Un voyage initiatique

Entretien avec Jérôme Giersé & Alexandra Gelhay
au PointCulture Bruxelles - Janvier 2016


© Florestan


Le Florestan… ce voilier de douze mètres navigue depuis un an et demi à travers les océans, à la rencontre de l’autre, sa culture, ses traditions, sa musique. Son équipage de musiciens, Jérôme Giersé et Alexandra Gelhay, a fondé sa propre association qui soutient la vocation éducative du projet Music Fund, créé par Lukas Pairon en 2005 pour aider partout dans le monde les structures d’enseignement musical qui désirent jouer la musique classique sans en avoir toujours les moyens matériels, techniques ou pédagogiques.

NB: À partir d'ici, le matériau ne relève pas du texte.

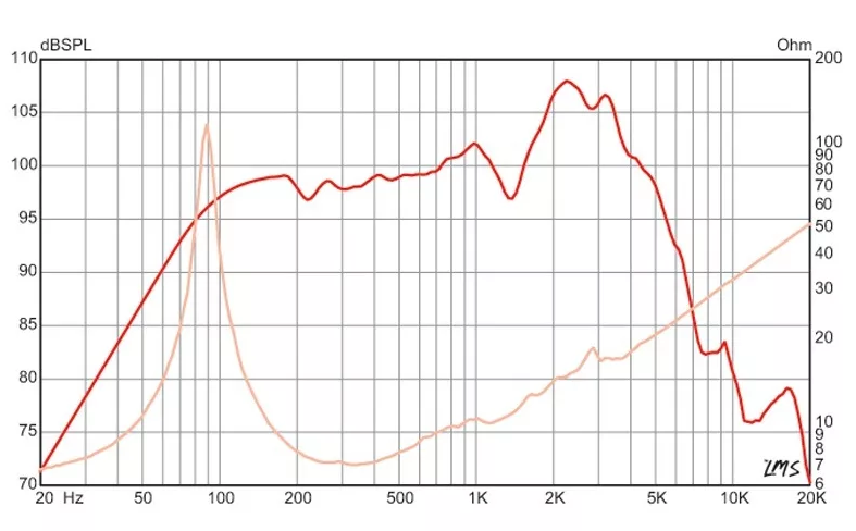 Bedeutet: Bei einer Frequenz knapp unter 90 Hz, also recht nah am normalgestimmten tiefen "E" (82,4Hz) hat der Lautsprecher eine Impedanz von über 100 Ohm, also mehr als das Zehnfache der Nennimpedanz von 8 Ohm.
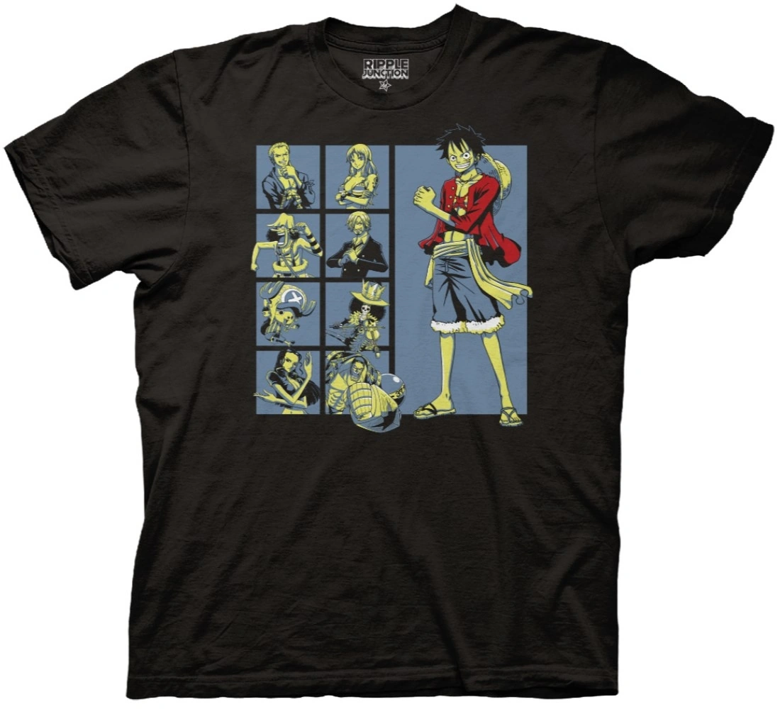 Ripple Junction is an American clothing company that has released a variety of One Piece-themed clothing items. Their products are distributed to and sold at online and physical retailers like Amazon and Walmart. Certain items are available exclusively on the Crunchyroll Store website.
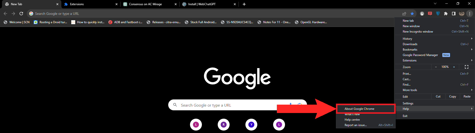 Hover your cursor on “Help” - Another drop-down menu will appear. Click on About Google Chrome.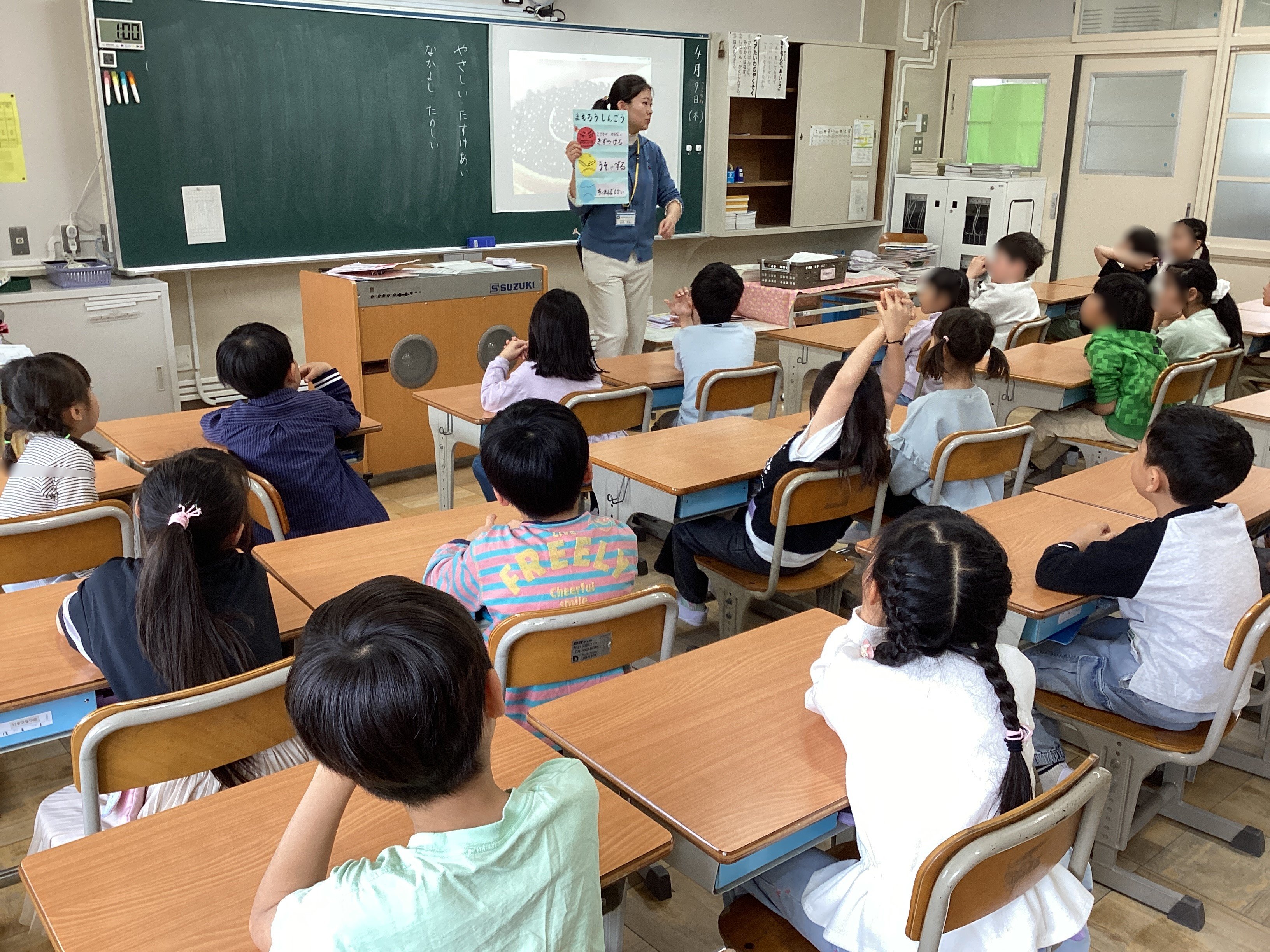 一つ上の階に上がり、2年2組の教室を覗くと、担任の先生が信号機の絵を示しながら子どもたちにしてほしくないことを話していました。赤信号は「心や体を傷つけること」、黄信号は「うそをついたり、ずるをしたりすること」、青信号は「チャレンジしないこと」だそうです。初めに先生がどんなことは許さないのか、どんなことを大切にしているのかを子どもたちに伝えることは大切ですね。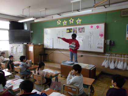 昨日の昼休みに代表委員会がありました。その内容を代表委員の人が、1年生に伝えに行ってくれました。事前に自分たちで集まって打合せをし、1年生にも分かりやすい言葉で話している姿が立派でした。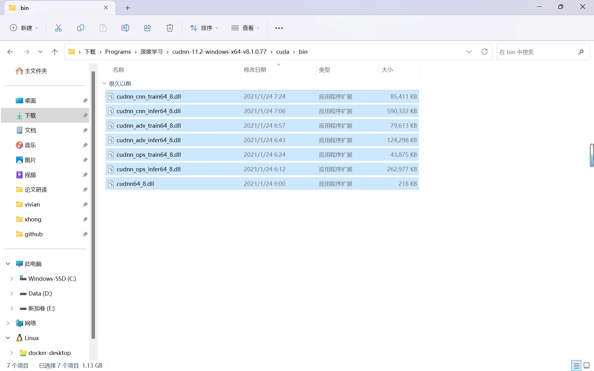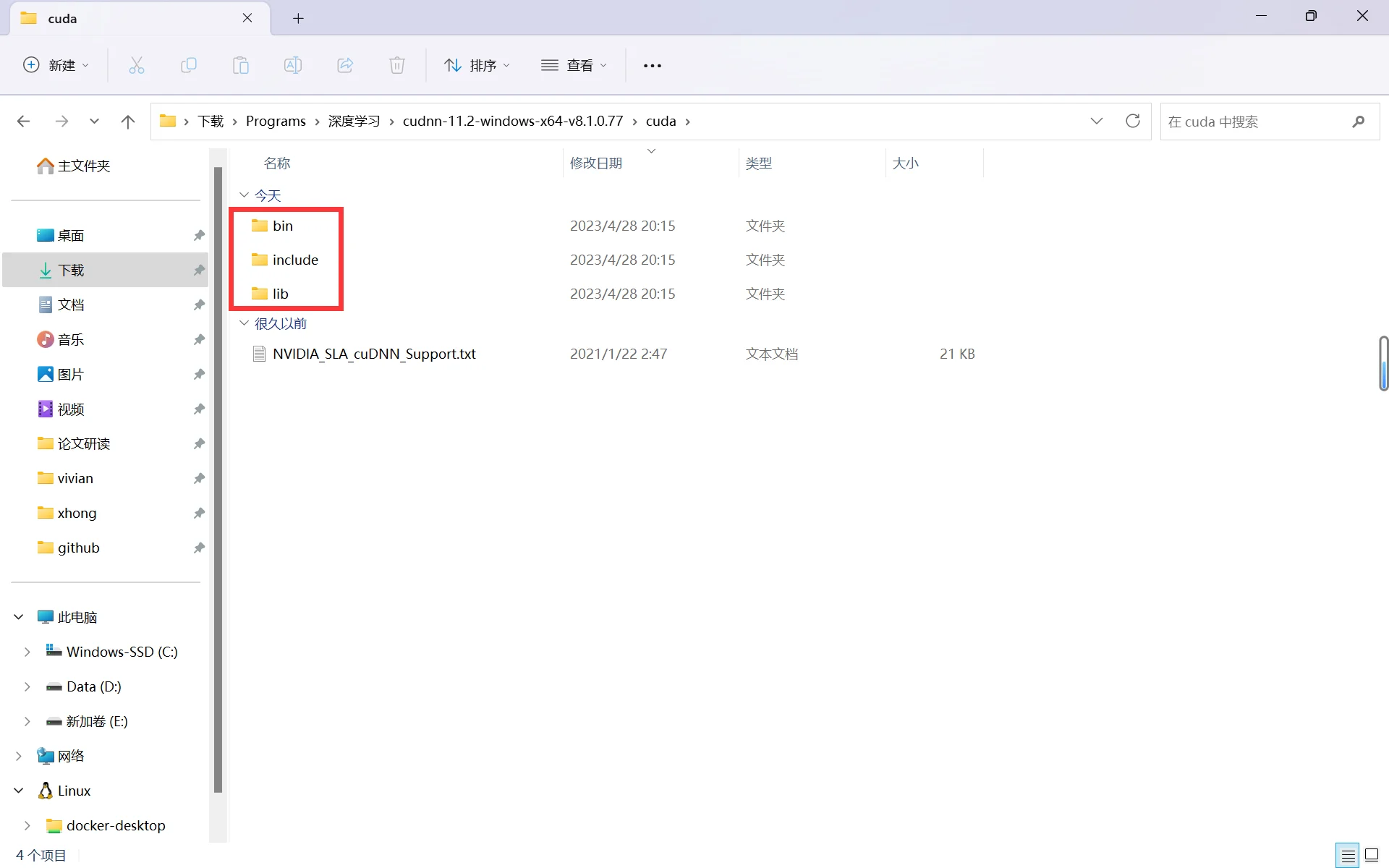 1、cuDNN8.1.0 解压包内容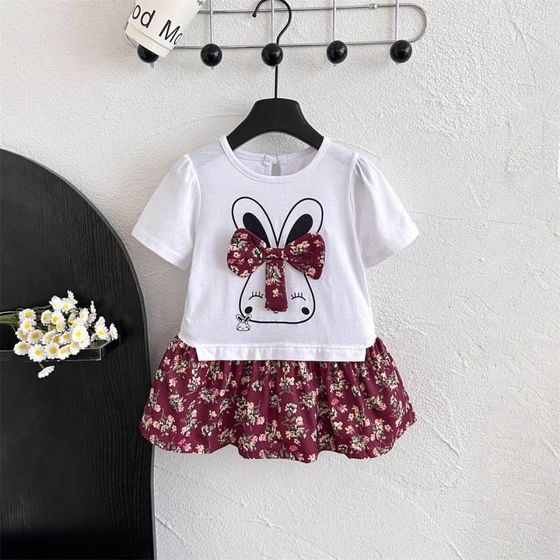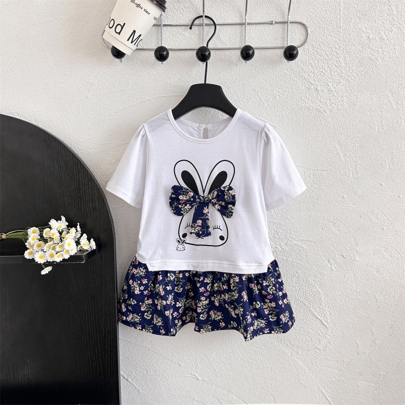 6278 소녀의 여름 인쇄 반팔 둥근 목 티셔츠 인쇄 활 패치 워크 꽃 인쇄 소녀의 여름 원피스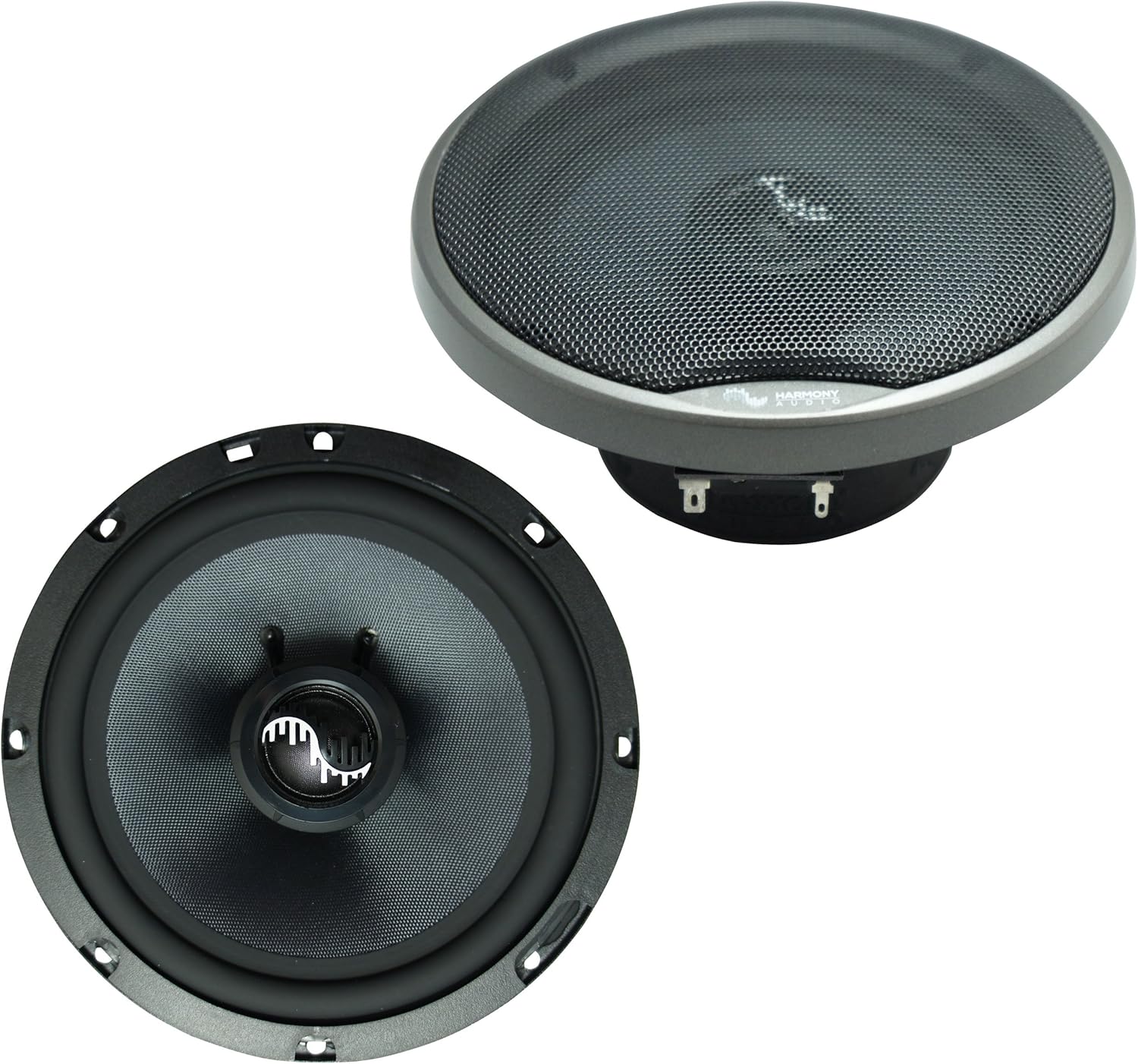 Factory speakers are made from cheap materials like paper and in most cases do not even have tweeters which means more than half of the audible frequency range is lost. Harmony Audio Rhythm series speakers are designed to directly replace the factory speakers dramatically improving sound quality and reproduce music like the artist intended. The speakers are available in a wide range of sizes and are constructed from high quality materials like polypropylene cones, durable rubber surrounds and 1/2″ or larger PEI dome tweeters.
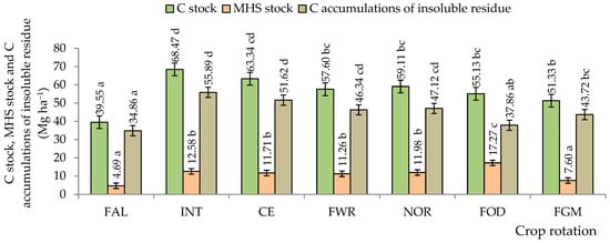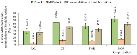 Effect of long-term soil C stock, MHS stock, and C accumulations of insoluble residue at 25 cm depth in spring barley after 52 years. FAL—continuous black fallow; INT—intensive crop rotation; CE—cereal crop rotation; FWR—field with row crop rotation; FOD—fodder crop rotation; NOR—Norfolk crop rotation; FGM—for green manure crop rotation. Different letters indicate significant differences between the treatments (a, b, c, d). Differences are significant (p < 0.05). The bars display a standard error.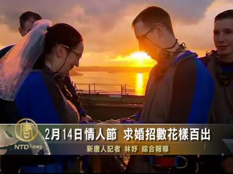【新唐人2012年2月14日訊】2月14日是情人節,許多人選擇在這一天以特別的方式完成婚姻大事。在澳大利亞,一對情侶選擇在134公尺高的悉尼港灣大橋(harbour bridge)上,舉辦獨樹一幟的婚禮。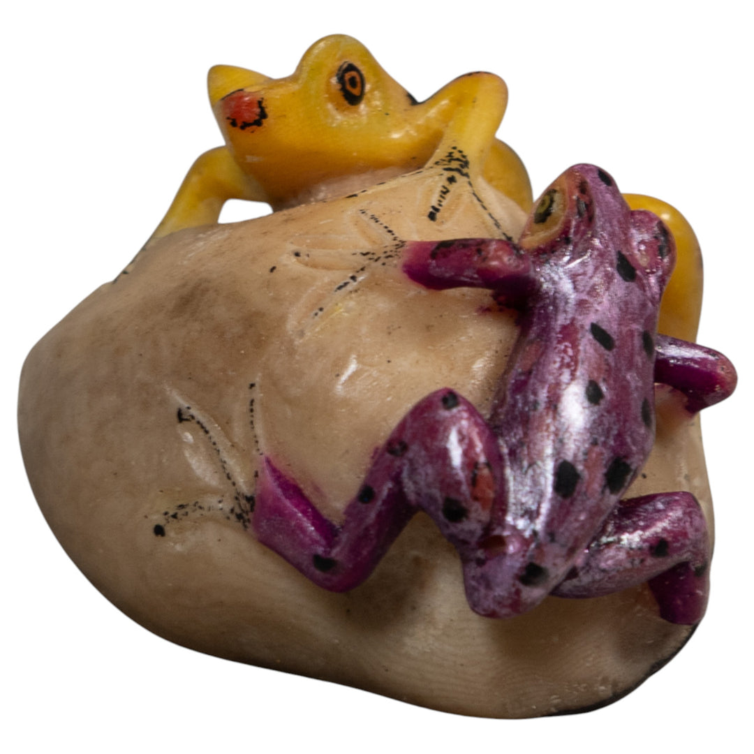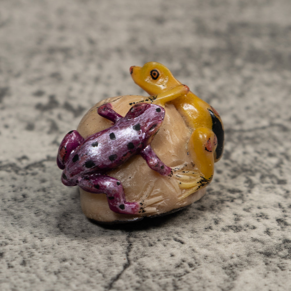 Double Vintage Purple And Gold Poison Dart Frog Tagua Carving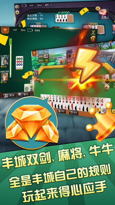 瓜瓜丰城棋牌,倾心打造丰城人自己的棋牌手游平台! 丰城麻将,丰城双剑,丰城牛牛,全是丰城人自己的规则,玩起来得心应手! 丰城本地人的社交平台,聊天游戏两不误! 丰城未来的娱乐风向标,结合本地商家,特惠活动享不停!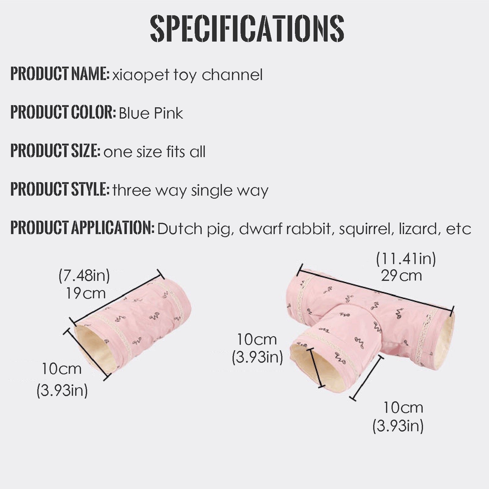 Идеально подходит для морских свинок, хомяков Цвет: синий, розовый Разделены на два стиля одного канала и три канала, каждый с двумя цветами Вашим питомцам понравится играть в этом уютном туннеле, бегая вперед и назад. Исследуя, имея свое собственное скрытое место и тень от солнца. Домашние животные будут часами бегать и выходить без вреда для мягкого туннеля. Ручная или машинная стирка, можно сложить и хранить, экономя пространство. Рекомендуется покупать более удобную замену Применение продукта: морская свинка, карликовый кролик, белка, ящерица и т. д.Посылка включает в себя: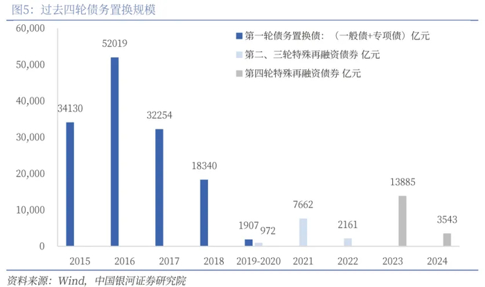 我们认为置换为国债的可能性和必要性较小。从过去三轮的债务置换经验来看,均是通过增加地方政府债务的方式完成。其中第一轮债务置换(2015-2018年)主要是用地方政府债券置换非政府债券形式的存量政府债务,总规模约12.2万亿元,首次债务置换主要是《预算法》修订后对地方债务形式的转换,实际上不属于隐性债务置换;第二轮债务置换(2019年-2021年9月)则是用置换债化解隐性债务,即“建制县隐债化解试点”,仅涉及6个省内的36个地区开展,置换规模为1579亿元;第三轮债务置换(2020年底-2022年6月)是发行特殊再融资债置换隐性债务,包括建制县隐债化解试点、全域无隐债试点两部分,涉及地方债规模约1.1万亿元。第四轮债务置换(2023年10月-2024年9月):这一轮债务置换的特征是特殊再融资债重启发行、同时发行了部分“特殊新增专项债”(未公布两书一案的新增专项债)置换隐性债务、偿还政府拖欠企业账款,合计规模约2.6万亿元。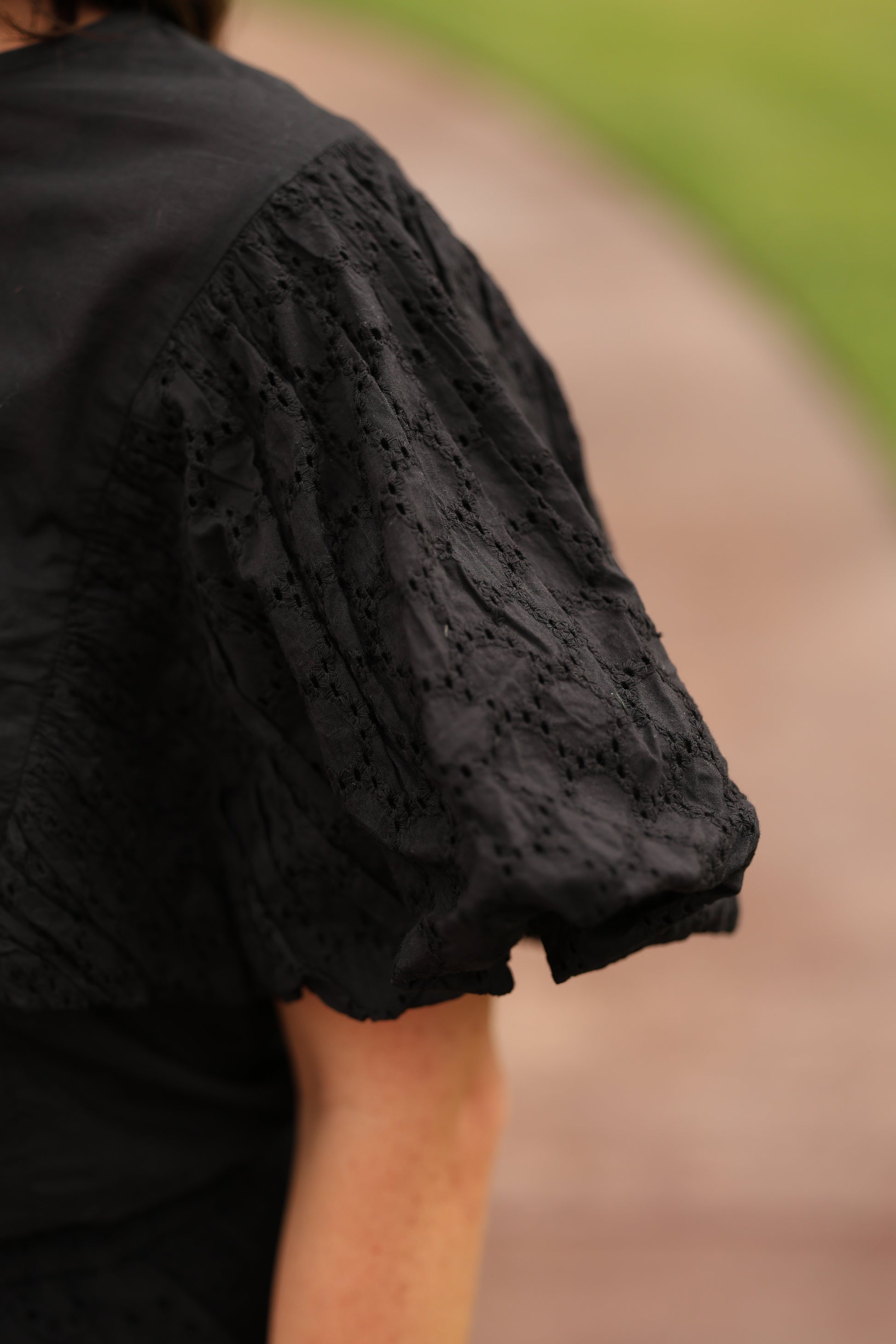 Adorable black 2 piece set with eyelet detail. Perfect worn together or can even been separated for more styling options.

D’escale en escale, de vents propices en vents mauvais, le tour du monde du Florestan qui devait durer deux ans dépend des caprices du temps ou des grains soudains. Après dix-huit mois de voyage, Jérôme et Alexandra se sont offert une halte de plusieurs semaines en Belgique, laissant le voilier amarré dans les îles Tonga, en Polynésie, à mi-chemin de leur ambitieux périple. L’occasion de faire le point avec eux, de mieux comprendre les tenants et aboutissants de cette entreprise si stimulante pour l’imagination, un peu folle et passionnante, certainement étrange et déroutante.

Alexandra et Jérôme, comment en arrive-t-on à 30 et 35 ans, en pleine ascension professionnelle, à lâcher un travail ou une pratique musicale quotidienne, s’il ne s’agit de donner un sens nouveau à deux passions communes, la musique et la voile ?

Jérôme Giersé : On peut faire de la musique et de la voile sans pour autant se déraciner, ni partir au loin des mois durant, voire des années. Alexandra et moi étions prêts à quitter les contraintes et la routine d’une grande ville comme Bruxelles, quels que soient sa vitalité et son potentiel. Alexandra a démissionné de son poste de chargée de production pour le label discographique Cypres mais j’ai gardé en mer mes fonctions de directeur artistique adjoint à Bozar Music. En août 2013, nous avons fondé notre association destinée à venir en aide à d’autres organes de soutien déjà présents sur le terrain, en l’occurrence Music Fund, dont notre voilier porte les couleurs. Nous faisons une escale de quatre semaines, en fonction de notre itinéraire et d’un agenda prédéterminé, dans les pays où ils se sont implantés. Une fois sur place, nous nous mettons à la disposition des structures qui nous attendent, leur apportons des instruments, donnons des cours, etc.

Vous n’êtes donc pas, comme on pourrait le croire, des missionnaires de la musique classique ?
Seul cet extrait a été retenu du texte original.